In a key part of our letter to President Skorton, we wrote:
[U]tilizing the lower standard of proof to adjudicate sexual assault cases serves to undermine the integrity, accuracy, reliability, and basic fairness of the judicial process. Implementing the preponderance of the evidence standard in hearings for sexual assault allegations turns the fundamental tenet of due process on its head, requiring that those accused of society's vilest crimes be afforded the scant protection of our judiciary's least certain standard. Under the preponderance of the evidence standard, the burden of proof may be satisfied by little more than a hunch. Accordingly, no matter the result reached by the campus judiciary, both the accuser and the accused are denied the necessary comfort of knowing that the verdict reached is accurate, trustworthy, and fair. The lack of faith in the judicial process that such uncertainty will likely engender should be of great concern to Cornell, and should convince the university to reject the lower standard in favor of the more appropriate clear and convincing evidence standard. Given the unequivocal value of a college education to an individual's prospects for personal achievement and intellectual, professional, and social growth, reducing procedural protections for those students accused of sexual assault is deeply troubling.
In the educational context, the Supreme Court of the United States has made clear that when "a person's good name, reputation, honor, or integrity is at stake because of what the government is doing to him," due process requires "precautions against unfair or mistaken findings of misconduct and arbitrary exclusion from school." Goss v. Lopez, 419 U.S. 565, 574, 580 (1975) (quoting Wisconsin v. Constantineau, 400 U.S. 433, 437 (1971)).
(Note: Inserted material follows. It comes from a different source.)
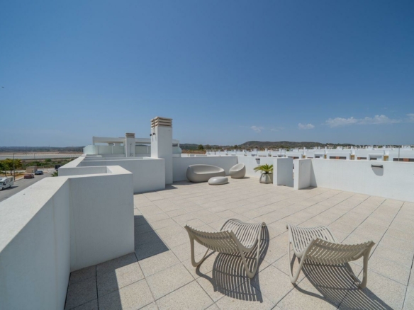 RESIDENCIAL DE OBRA NUEVA DE BUNGALOW EN VISTABELLA Residencial de obra nueva de bungalows de diseño moderno en Vistabella. Modernos bungalows de 2 y 3 dormitorios, cocina americana y salón, armarios empotrados, plaza de garaje. Los bungalows de planta baja disponen de jardín privado y los de planta alta de solarium privado. El residencial cuenta con jardines comunitarios muy bien diseñados con una preciosa piscina comunitaria. Estos preciosos y espaciosos apartamentos están siendo construidos con productos y materiales de primera calidad. En Vistabella Golf hay espacio para todos. El campo está diseñado para que cada jugador pueda disfrutarlo de principio a fin. Sus calles onduladas, bunkers estratégicos o lagos son algunas de las características que lo convierten en uno de los diseños más atractivos de la zona, donde cada golpe es un reto y un placer para los sentidos. Los 18 Hoyos de Vistabella Golf, par 72 y más de 6.000 metros de longitud han sido diseñados siguiendo las pautas de los campos modernos con 4 tees de gran amplitud en cada hoyo, calles anchas y bunkers elevados. La casa club y restaurante de Vistabella Golf y los bares y tiendas de la zona se encuentran a 5 minutos a pie. La animada ciudad de San Miguel de Salinas y Los Montesinos están a 5 minutos en coche y las hermosas playas de bandera azul en Guardamar están a sólo 15 minutos en coche. El aeropuerto de Alicante está a 35 minutos y el nuevo aeropuerto de Corvera Murcia está a 45 minutos.

The Court made these observations about due process protections at the elementary and secondary school level, finding at least minimal requirements of due process necessary because disciplinary action "could seriously damage the students' standing with their fellow pupils and their teachers as well as interfere with later opportunities for higher education and employment." Id. at 575. The increased likelihood of much further-reaching negative consequences for a college student found guilty of sexual assault in a campus judicial proceeding means that greater protections are required, not lesser.
Unfortunately, the Department of Education believes otherwise, and for a year has failed to respond to FIRE's arguments—which is not exactly a sign of belief in the strength of its arguments.
President Skorton now faces a choice: side with the Supreme Court and students' due process rights, or side with the Department of Education's poorly argued, poorly considered mandate to diminish protections for the accused.